Records shown:
# # # #
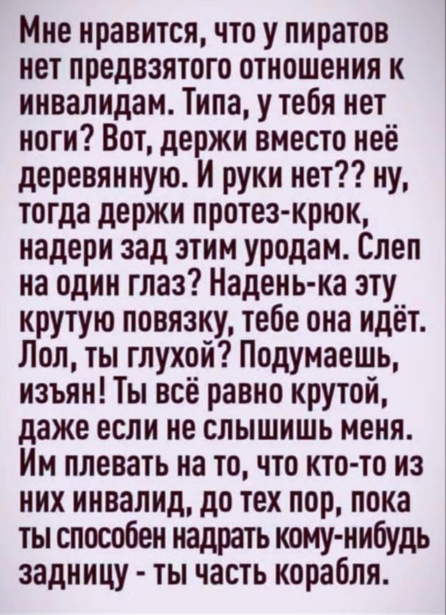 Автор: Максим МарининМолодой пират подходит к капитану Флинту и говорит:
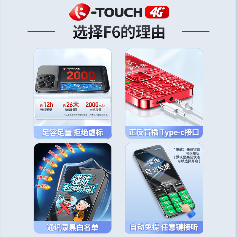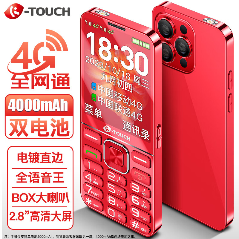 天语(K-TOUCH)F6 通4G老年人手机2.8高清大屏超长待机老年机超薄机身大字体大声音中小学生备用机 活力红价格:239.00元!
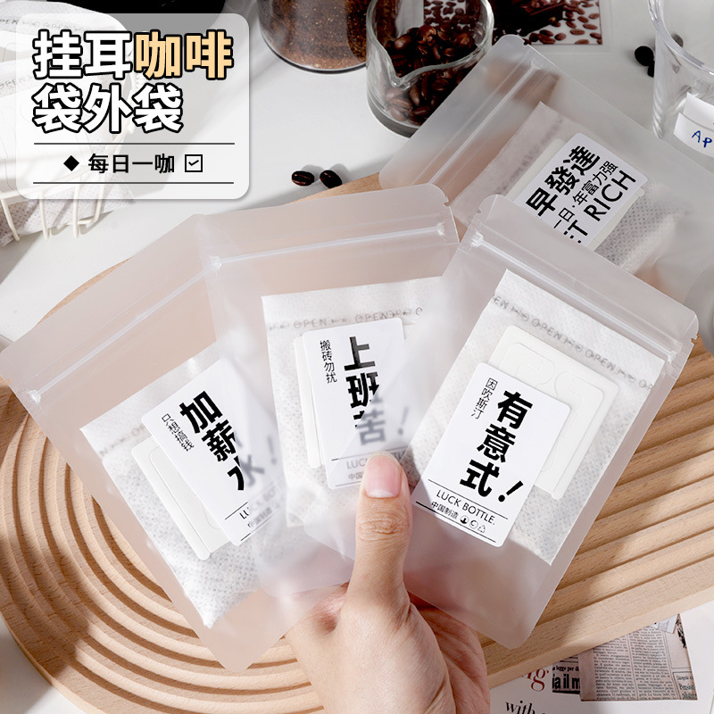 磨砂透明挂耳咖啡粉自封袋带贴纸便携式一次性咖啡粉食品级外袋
# # # #
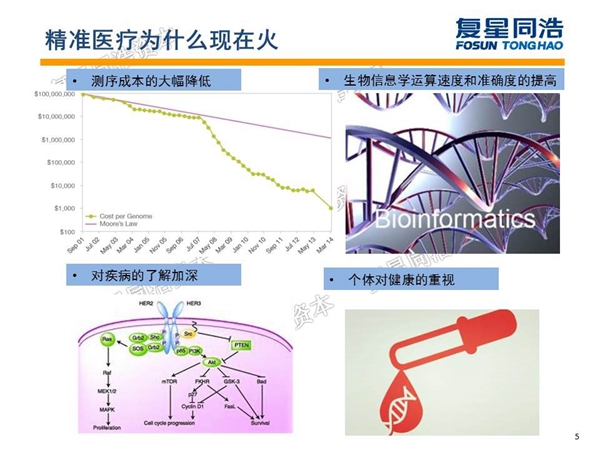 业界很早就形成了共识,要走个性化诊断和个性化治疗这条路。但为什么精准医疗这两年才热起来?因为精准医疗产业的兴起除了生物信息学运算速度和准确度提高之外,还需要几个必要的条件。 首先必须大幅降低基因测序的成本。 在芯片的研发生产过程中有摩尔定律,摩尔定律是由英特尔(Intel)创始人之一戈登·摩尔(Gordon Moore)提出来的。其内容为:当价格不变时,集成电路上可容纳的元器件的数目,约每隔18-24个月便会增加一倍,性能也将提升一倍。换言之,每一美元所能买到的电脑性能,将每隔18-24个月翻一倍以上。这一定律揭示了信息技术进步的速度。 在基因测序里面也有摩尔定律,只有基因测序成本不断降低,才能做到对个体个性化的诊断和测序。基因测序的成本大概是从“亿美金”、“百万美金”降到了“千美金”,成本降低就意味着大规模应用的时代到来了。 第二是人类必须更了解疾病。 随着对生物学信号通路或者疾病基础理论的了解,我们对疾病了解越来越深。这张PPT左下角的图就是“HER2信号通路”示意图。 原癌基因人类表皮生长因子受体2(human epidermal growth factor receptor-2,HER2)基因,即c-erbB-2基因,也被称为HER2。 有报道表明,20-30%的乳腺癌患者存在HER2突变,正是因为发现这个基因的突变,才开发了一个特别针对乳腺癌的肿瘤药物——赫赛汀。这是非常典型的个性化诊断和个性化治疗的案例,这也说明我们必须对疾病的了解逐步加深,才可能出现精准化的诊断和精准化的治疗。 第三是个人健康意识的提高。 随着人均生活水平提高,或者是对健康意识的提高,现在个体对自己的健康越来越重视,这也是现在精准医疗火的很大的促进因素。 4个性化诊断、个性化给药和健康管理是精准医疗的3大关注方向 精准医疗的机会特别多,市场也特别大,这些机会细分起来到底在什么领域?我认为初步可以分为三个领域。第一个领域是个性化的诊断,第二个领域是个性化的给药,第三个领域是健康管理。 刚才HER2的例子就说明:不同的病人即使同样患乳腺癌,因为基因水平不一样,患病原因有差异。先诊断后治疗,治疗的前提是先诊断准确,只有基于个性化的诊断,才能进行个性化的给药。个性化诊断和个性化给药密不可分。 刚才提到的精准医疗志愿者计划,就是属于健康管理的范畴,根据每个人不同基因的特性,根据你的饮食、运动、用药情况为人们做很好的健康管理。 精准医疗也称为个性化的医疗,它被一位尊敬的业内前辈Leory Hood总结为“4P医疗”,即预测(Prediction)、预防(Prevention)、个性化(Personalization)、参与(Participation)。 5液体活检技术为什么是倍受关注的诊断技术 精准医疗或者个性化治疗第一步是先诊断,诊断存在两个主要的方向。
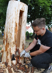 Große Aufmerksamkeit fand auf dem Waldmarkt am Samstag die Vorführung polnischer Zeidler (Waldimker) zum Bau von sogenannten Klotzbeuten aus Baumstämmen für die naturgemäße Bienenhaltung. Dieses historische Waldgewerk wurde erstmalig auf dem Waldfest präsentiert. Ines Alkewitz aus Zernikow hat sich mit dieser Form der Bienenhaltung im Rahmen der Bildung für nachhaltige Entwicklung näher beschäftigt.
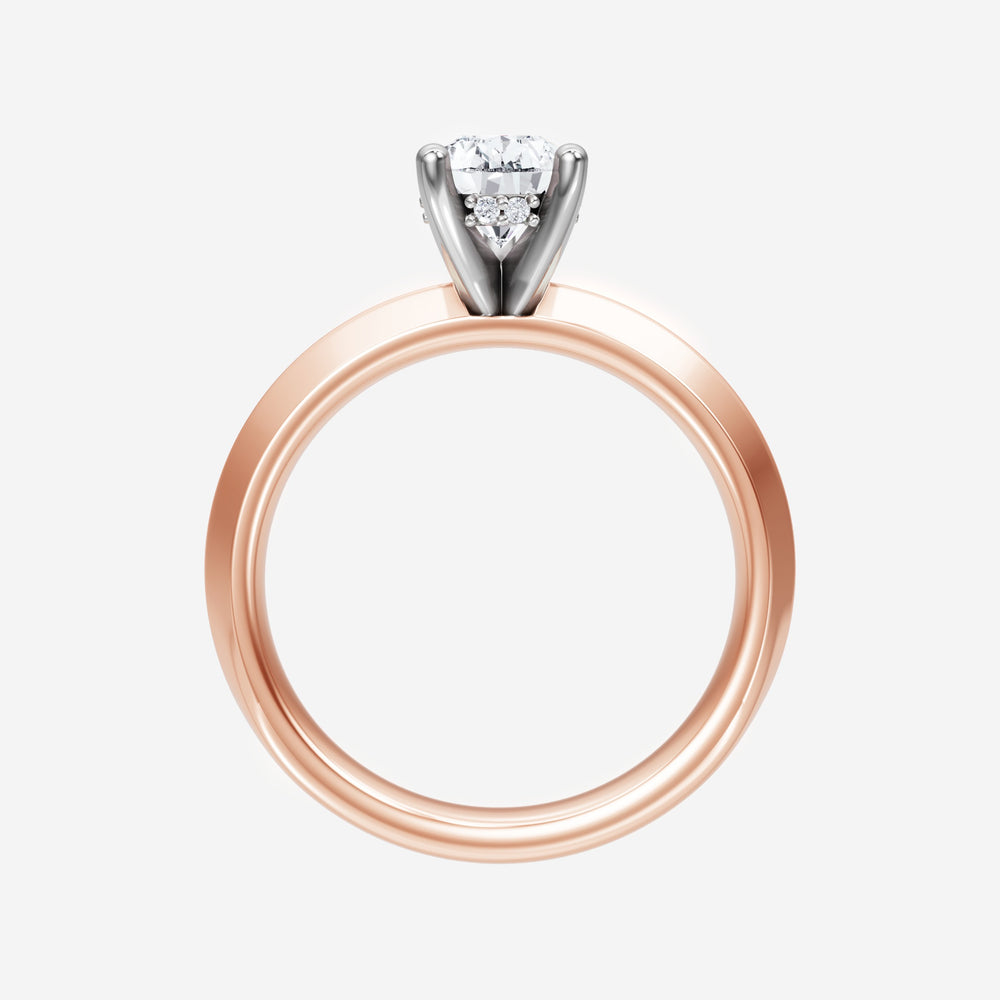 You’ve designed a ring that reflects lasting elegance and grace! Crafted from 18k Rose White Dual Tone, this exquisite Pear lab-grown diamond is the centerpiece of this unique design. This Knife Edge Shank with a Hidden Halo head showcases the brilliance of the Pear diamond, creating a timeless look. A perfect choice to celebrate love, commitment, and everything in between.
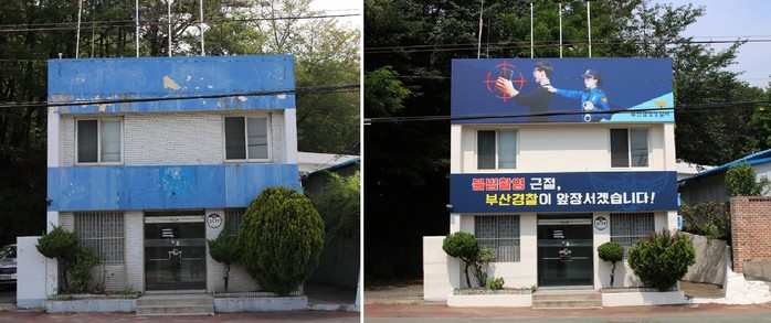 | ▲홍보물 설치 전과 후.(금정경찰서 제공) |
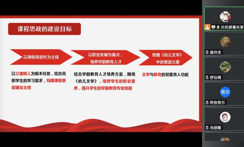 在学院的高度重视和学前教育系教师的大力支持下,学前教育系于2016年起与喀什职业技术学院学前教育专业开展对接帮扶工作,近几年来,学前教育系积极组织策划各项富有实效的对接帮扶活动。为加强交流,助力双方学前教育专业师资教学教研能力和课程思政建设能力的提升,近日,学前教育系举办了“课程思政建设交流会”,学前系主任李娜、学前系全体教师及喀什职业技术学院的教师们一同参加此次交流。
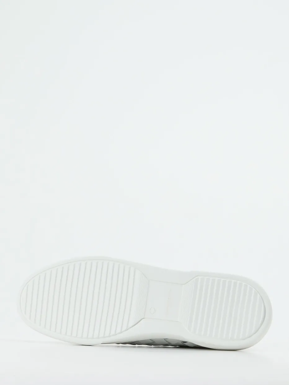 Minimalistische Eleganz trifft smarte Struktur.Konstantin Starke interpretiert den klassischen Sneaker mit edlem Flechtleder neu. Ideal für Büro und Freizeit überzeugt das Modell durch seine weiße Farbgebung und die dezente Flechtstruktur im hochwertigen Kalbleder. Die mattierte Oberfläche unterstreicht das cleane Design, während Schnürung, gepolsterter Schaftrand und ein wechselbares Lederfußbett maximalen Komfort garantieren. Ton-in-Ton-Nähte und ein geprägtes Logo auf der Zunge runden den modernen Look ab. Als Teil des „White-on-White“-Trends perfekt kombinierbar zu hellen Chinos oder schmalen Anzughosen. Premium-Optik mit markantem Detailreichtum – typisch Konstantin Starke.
# # # #
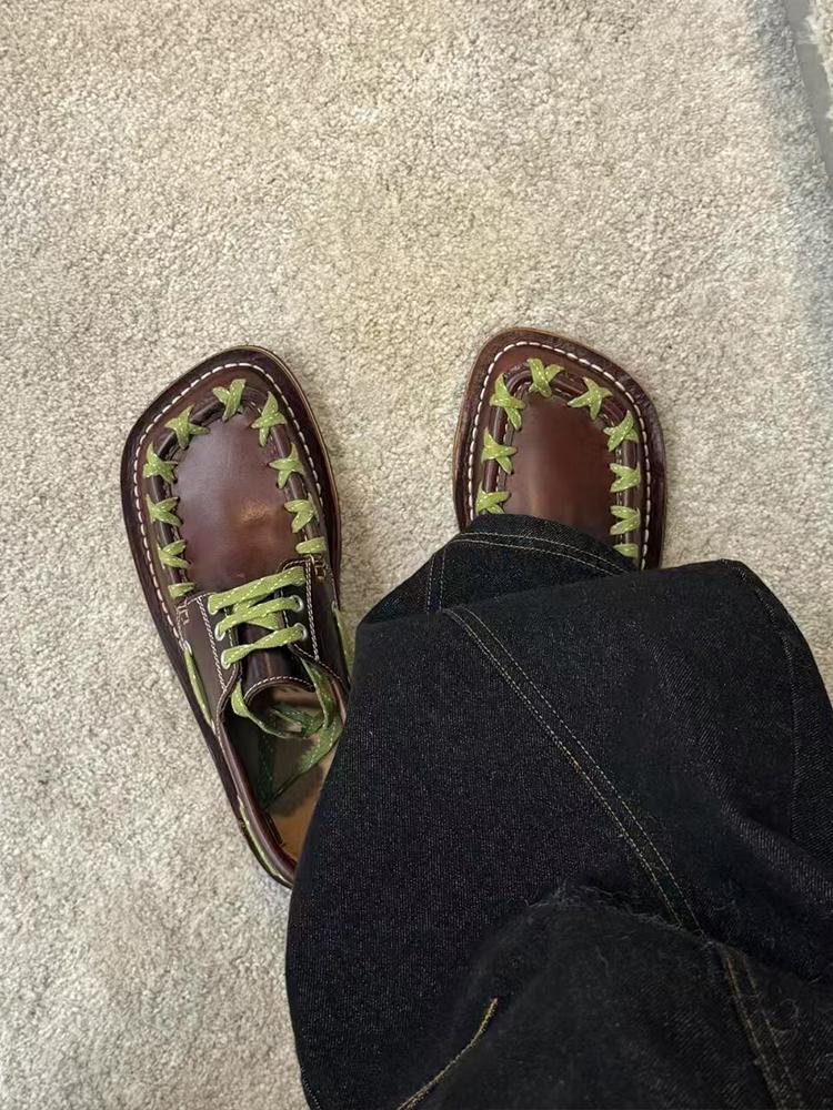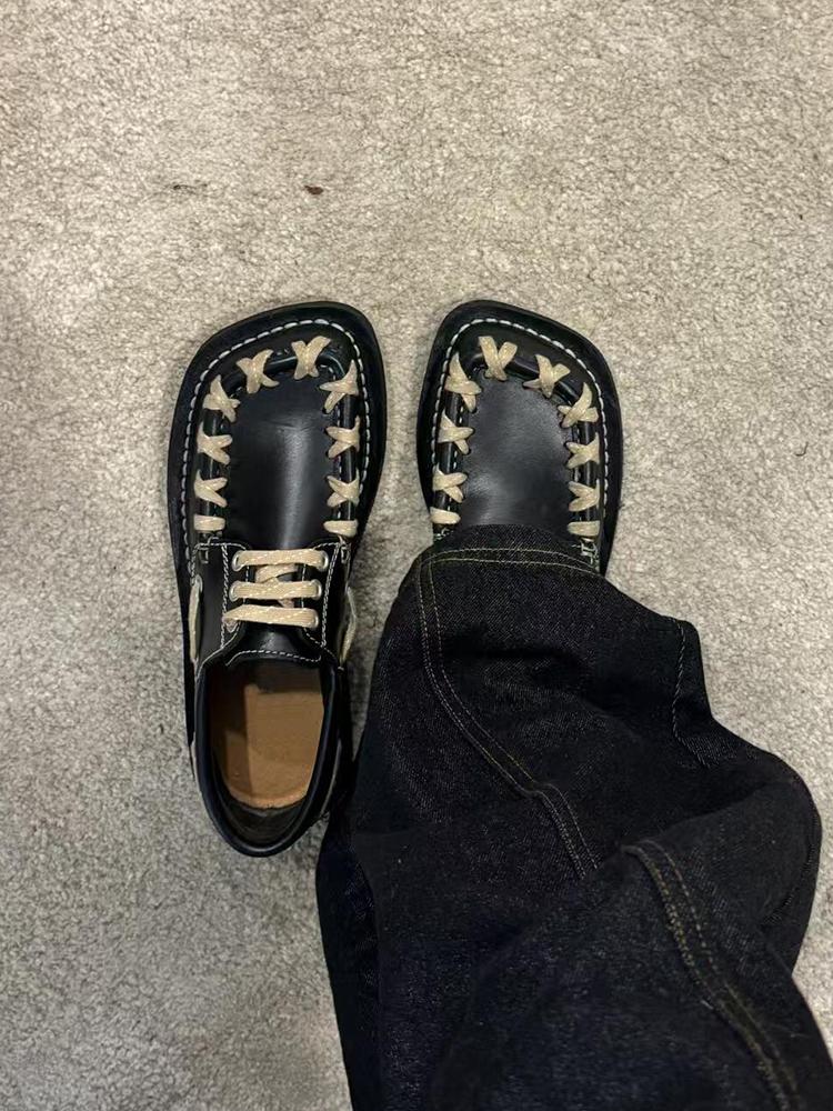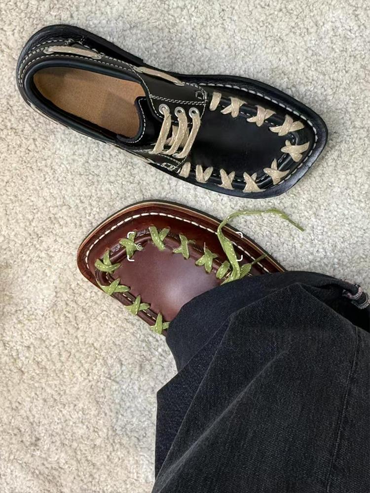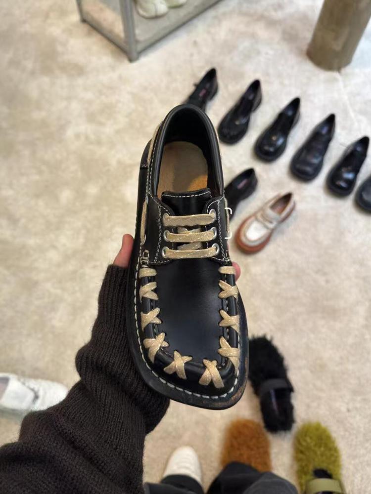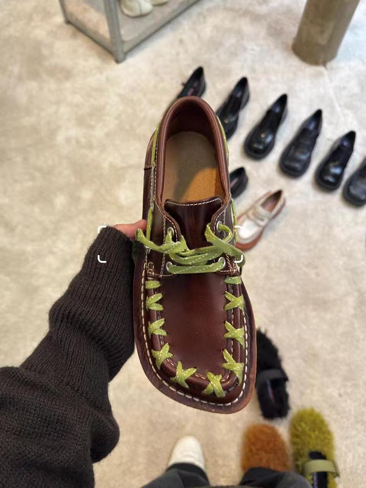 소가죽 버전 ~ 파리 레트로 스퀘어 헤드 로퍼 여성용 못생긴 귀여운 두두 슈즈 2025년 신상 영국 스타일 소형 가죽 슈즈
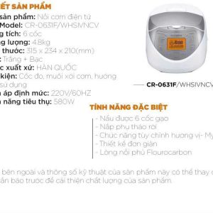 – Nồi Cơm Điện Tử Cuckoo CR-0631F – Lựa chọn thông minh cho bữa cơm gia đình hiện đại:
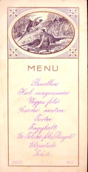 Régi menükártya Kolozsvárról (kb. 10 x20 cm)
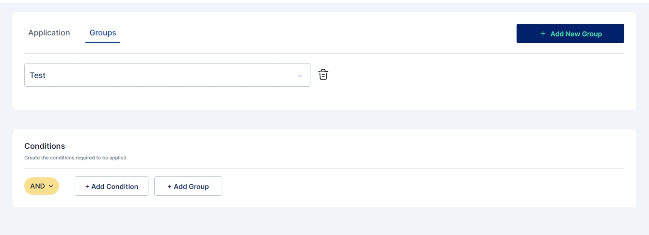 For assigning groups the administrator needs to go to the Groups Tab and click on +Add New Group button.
# # # #
Assignment: Copy exactly the material above from the line with "Автор: Максим МарининМолодой" to the line with "磨砂透明挂耳咖啡粉自封袋带贴纸便携式一次性咖啡粉食品级外袋", ends included, and nothing else. Leave out any picture.

Exercise response:
 Автор: Максим МарининМолодой пират подходит к капитану Флинту и говорит:
 天语(K-TOUCH)F6 通4G老年人手机2.8高清大屏超长待机老年机超薄机身大字体大声音中小学生备用机 活力红价格:239.00元!
 磨砂透明挂耳咖啡粉自封袋带贴纸便携式一次性咖啡粉食品级外袋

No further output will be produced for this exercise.